Sentenza di Cassazione Penale Sez. 5 Num. 29678 Anno 2024
Penale Sent. Sez. 5 Num. 29678 Anno 2024
Presidente: NOME COGNOME
Relatore: COGNOME NOME
Data Udienza: 27/03/2024
SENTENZA
sul ricorso proposto da:
COGNOME NOME nato a CASSANO ALLO IONIO il DATA_NASCITA avverso l’ordinanza del 20/07/2023 del TRIB. LIBERTA’ di CATANZARO
visti gli atti, il provvedimento impugnato e il ricorso; udita la relazione svolta dal Consigliere NOME COGNOME; udite le conclusioni del Sostituto Procuratore generale NOME COGNOME, che ha chiesto di rigettare il ricorso udite le conclusioni dell’AVV_NOTAIO e dell’AVV_NOTAIO, per il ricorrente, che hanno chiesto di accogliere il ricorso.
RITENUTO IN FATTO
Con ordinanza emessa il 20 giugno 2023, il Giudice per le indagini preliminari del Tribunale di Catanzaro aveva applicato a NOME la misura cautelare della custodia in carcere per il delitto di partecipazione ad associazione per delinquere di stampo mafioso (capo 1) nonché per i reati-fine contestati ai capi 75, 77 e 78 dell’imputazione provvisoria.

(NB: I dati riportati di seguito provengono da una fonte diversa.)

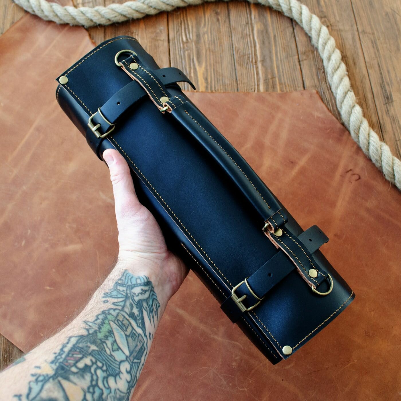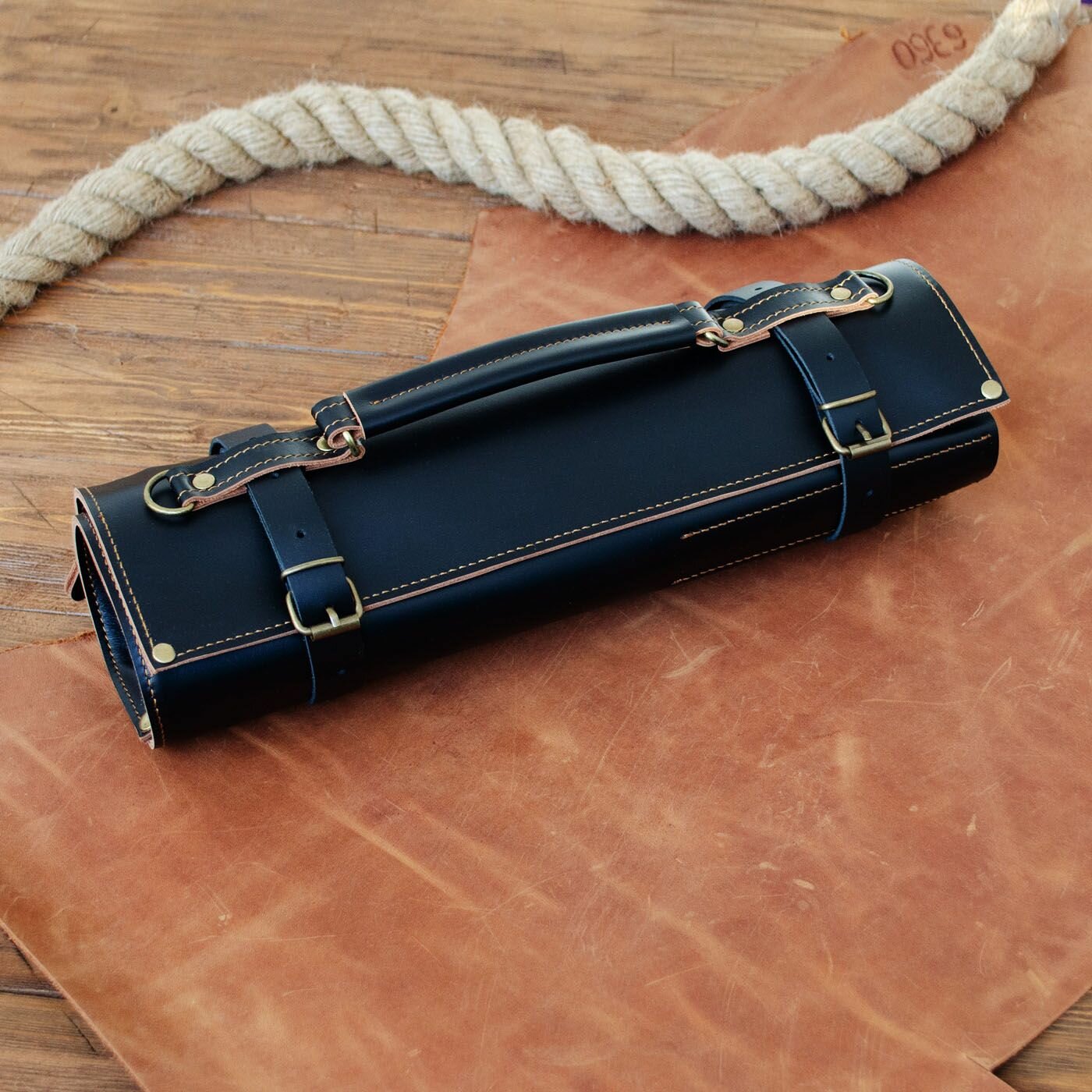 Скрутка (Чехол) для ножей из натуральной кожи для повара. Сверток на 5 ножей, с карманом на молнии: сравнение цен, характеристики, фото, актуальное наличие и цены.

Con ordinanza del 20 luglio 2023, il Tribunale di Catanzaro – sezione riesame – ha annullato il provvedimento del Giudice per le indagini preliminari,
limitatamente ai reati di cui ai capi 77 e 78 dell’imputazione provvisori confermato la misura cautelare in atto per i restanti reati di partecipazione ad associazione per delinquere di stampo mafioso (capo 1) nonché per il delitto di estorsione aggravata, contestato al capo 75.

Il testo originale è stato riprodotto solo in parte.